REMINDER: WEAR RED ON PENTECOST
When I saw “Reminder: Wear Red on Pentecost” I smiled at the sentiment. Show our unity. Feel the fire, or as the poet Browning would have it, “the indubitable bliss of fire.” I smiled as I knew that I would be wearing black on Pentecost. I wear black most days. I’m comfortable with black. Red and Black are important to me, e.g., I am trying to keep the congregation out of the Red and in the Black, financially. I’m probably wrong if I assume that my sermons will lead to inspired giving. Sermons are curious entities oftentimes as useless as an appendix, an anomaly of evolution, but of sacred liturgy. A beleaguered parishioner often has to dig relentlessly to uncover the three theological gems that Lutheran pastors hide there as spiritual booby traps to elicit a sense of generous giving, of fidelity to quarterly statements and budgets. And Synod apportionment. Finding those gems is as difficult as showing enthusiasm for okra.

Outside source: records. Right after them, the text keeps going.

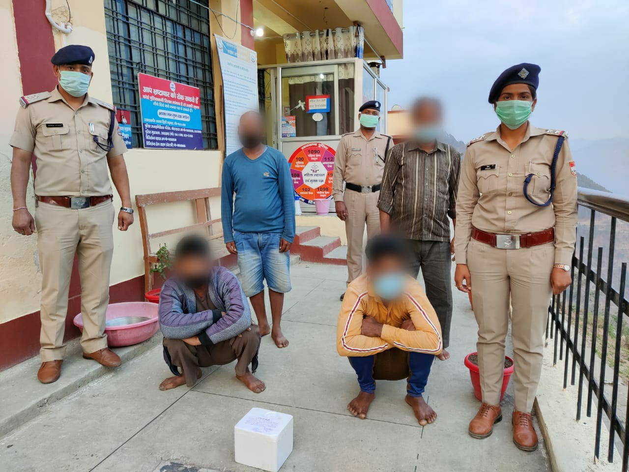 अभियुक्त रमेश पुत्र गल्तु, उम्र- 50 वर्ष, जगदीश पुत्र रमेश, उम्र- 27 वर्ष, दिनेश पुत्र फुणकु (क्रेता), उम्र- 34 वर्ष, भगवान पुत्र लूङा (क्रेता), उम्र- 35 वर्ष। निवासीगण ग्राम नगर, पट्टी तौली, बनगढ, थाना हिण्डोलाखाल, टिहरी गढवाल। अभियुक्त रमेश एवं जगदीश (पिता-पुत्र) जो कि मांस का विक्रय कर रहे थे, उनके कब्जे से संयुक्त रुप से करीब 21 किग्रा0 वन्य हिरन का मांस एवं अभियुक्त दिनेश एवं भगवान (क्रेता) के कब्जे से क्रमशः 3.5 किग्रा0 तथा 2 किग्रा0 वन्य हिरन का मांस बरामद किया गया है। इस तरह के नाजायज़ शिकार करने से कोविड संक्रमण का वन एवं में भी फैलना का खतरा बढ़ गया है।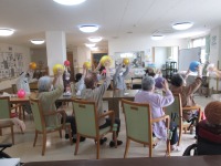 こんにちはデイサービスです。本日は毎月恒例の機能訓練士によるリハビリ体操を行いました。イスに座ったまま出来るので利用者様にも大人気の体操です(^^♪ まず初めに両手を挙げて左右に曲げる体操、ゆっくりと呼吸を整えながら行います。背筋を伸ばしながら行いみなさま「あー、気持ちいい♪」「これなら家でもできるね」と笑顔で取り組まれていました。他にもボール体操ということで手足をしっかり使い全身の筋肉をほぐす体操も行いました。機能訓練士のY先生の体操はとても効果があると利用者様にも人気です。また来月も今から楽しみです(^^♪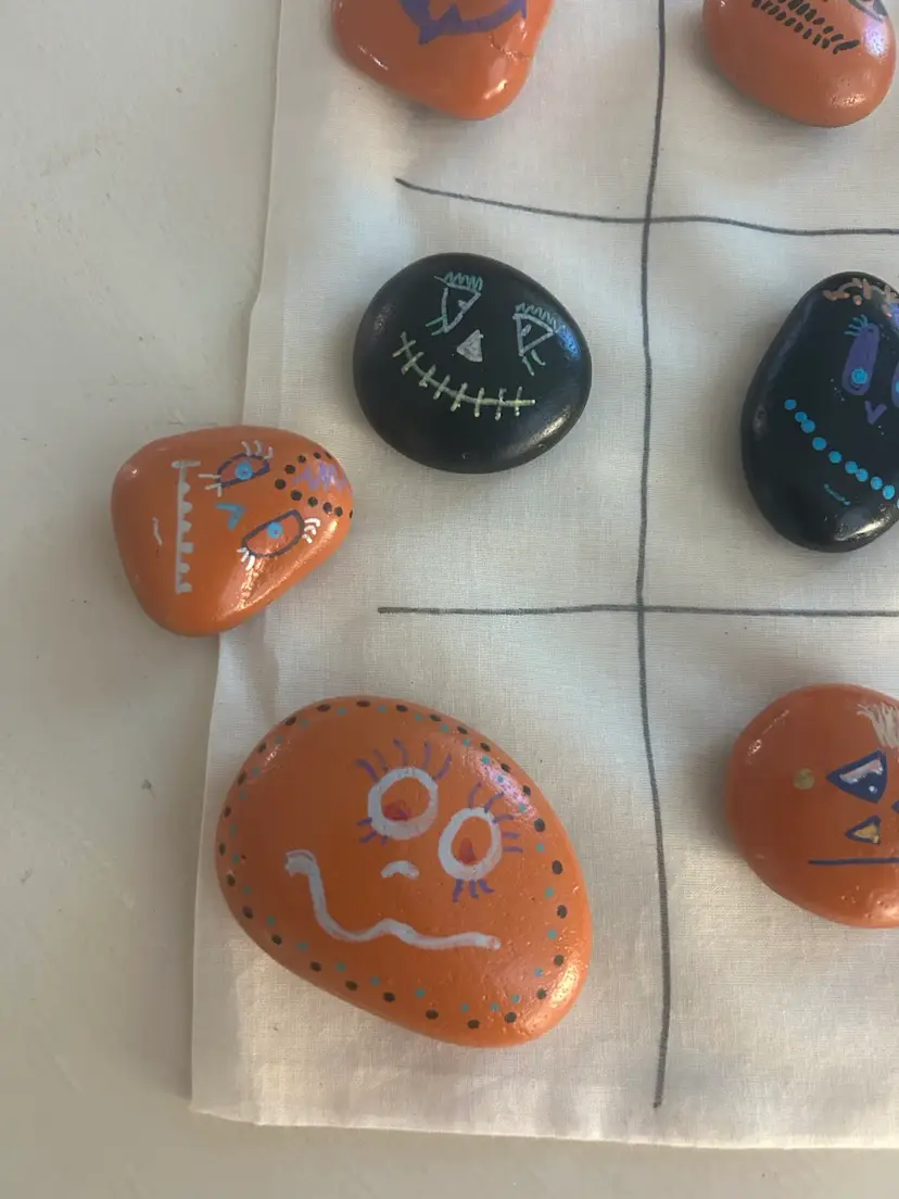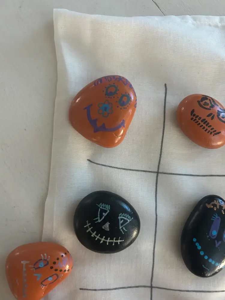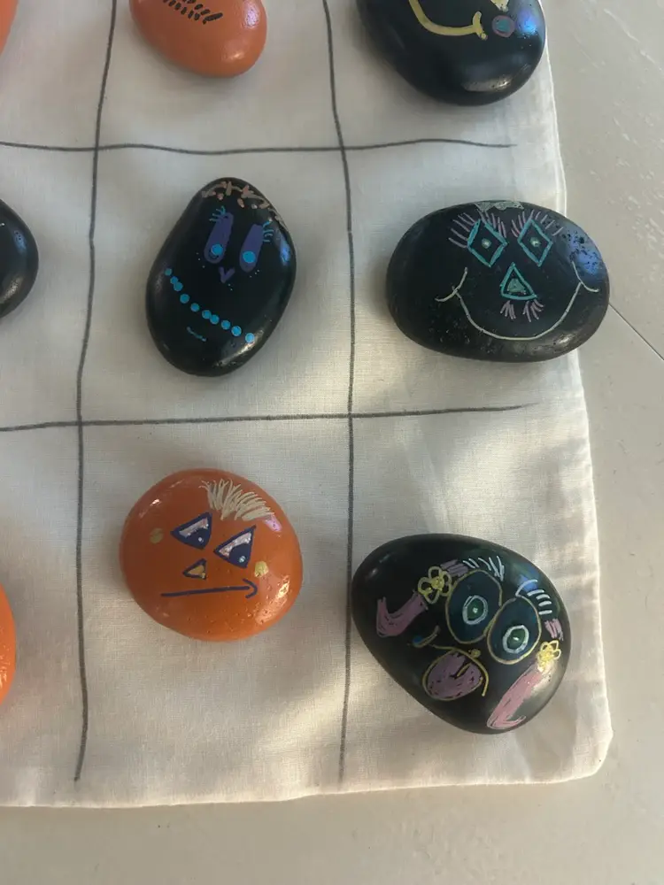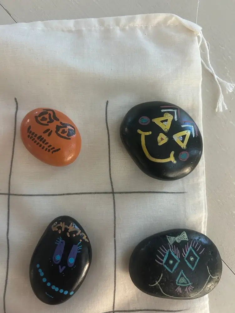 Hand painted rocks that I have in my yard. They come in their own carry bag with the tic tac toe grid drawn on it. These are made to order so it will not match the photos. Since it is made to order you can request colors or designs. Reach out to me before placing your order so that we can work together on ideas. The bag measures approximately 12” long and 10” wide.

Sunday is not the best day for sermons. While I’m not sure of this, not having a complete understanding of ecclesiastical laws, it does seem as if the thinking demanded by sermons would violate Sabbath rest at about 11:20 a.m. I hasten to add that I violate the Sabbath every Sabbath by working while trying to keep the Sabbath holy. For this I am grievously repentant. I am convinced, however, that a proper sermon is proper stewardship! The evident purpose of a sermon is the financial health and well-being of the congregation, the art of generating income, which Lutherans are wont to deny. While it may seem insensitive to mention sermon and finance in the same sentence, I am palpably aware that Lutheran pastors are salaried servants, and that servanthood can go only so far without a fair amount of mammon.
A good sermon, probably any sermon, is an economic device. It may best be presented in a business context where the mention of money does not result in embarrassment, awkwardness, or at the extreme, apocalyptic judgment. It has always seemed to me that the best time and place for a sermon is Wednesday afternoon at a quarter to three, in the relaxed ambience of a board-room, while anticipating tea. In such a context the sermon would not be an intrusion upon the quietness of mind. It would offer an alternative to negotiations characteristic of economic interests. Since the amount of income hoped to be derived would indeed be a mere paltry sum compared to the accustomed expectation of return on investments (ROI), a sermon would be tolerated with equanimity and an appropriate level of empathy. In other words, it could keep us in the Black and out of the Red.
Red and Black are important in another way. They remind me of diversity. Pentecost is a story of diversity, the Holy Spirit calling diverse people into spiritual unity. That’s what we are: ekklesia, ek-klesia, the church, people called apart and called together. “Red and Yellow, Black and White, all are precious in his sight.” To be called is to be precious, and precious is priceless but still within budget. It’s that stewardship thing again. The Pentecost story quotes the prophet Joel that the sun shall be darkened and the moon turned to blood. Black and Red again! The sun, the greater light, becomes other than itself, now absorbed in darkness. The moon, the lesser light, becomes other than itself, now covered in blood. Otherness is diversity seeking embrace.
The gospel message is that Pentecost is a transforming event. It changes us, it makes us into something other than we are. The Holy Spirit, “tongues as of fire” (Acts 2:3) is the new light of Christ. When that light falls upon us it leaves no room for shadows. “The darkness could not comprehend it,” (John 1:5), and “Darkness is not dark to thee.” (Psalm 139:12). The Holy Spirit, “tongues as of fire,” is also an enlightening Word and a flaming sword, guarding us as it continues to guard Eden, the place of origin and destiny. The Holy Spirit on that first day of Pentecost made us into something that we were not, the new place of origin and destiny, the Church. We are now the flaming sword. We are now the Word aflame. We are now the guardians of Eden, the guardians of origin and destiny. This is Stewardship!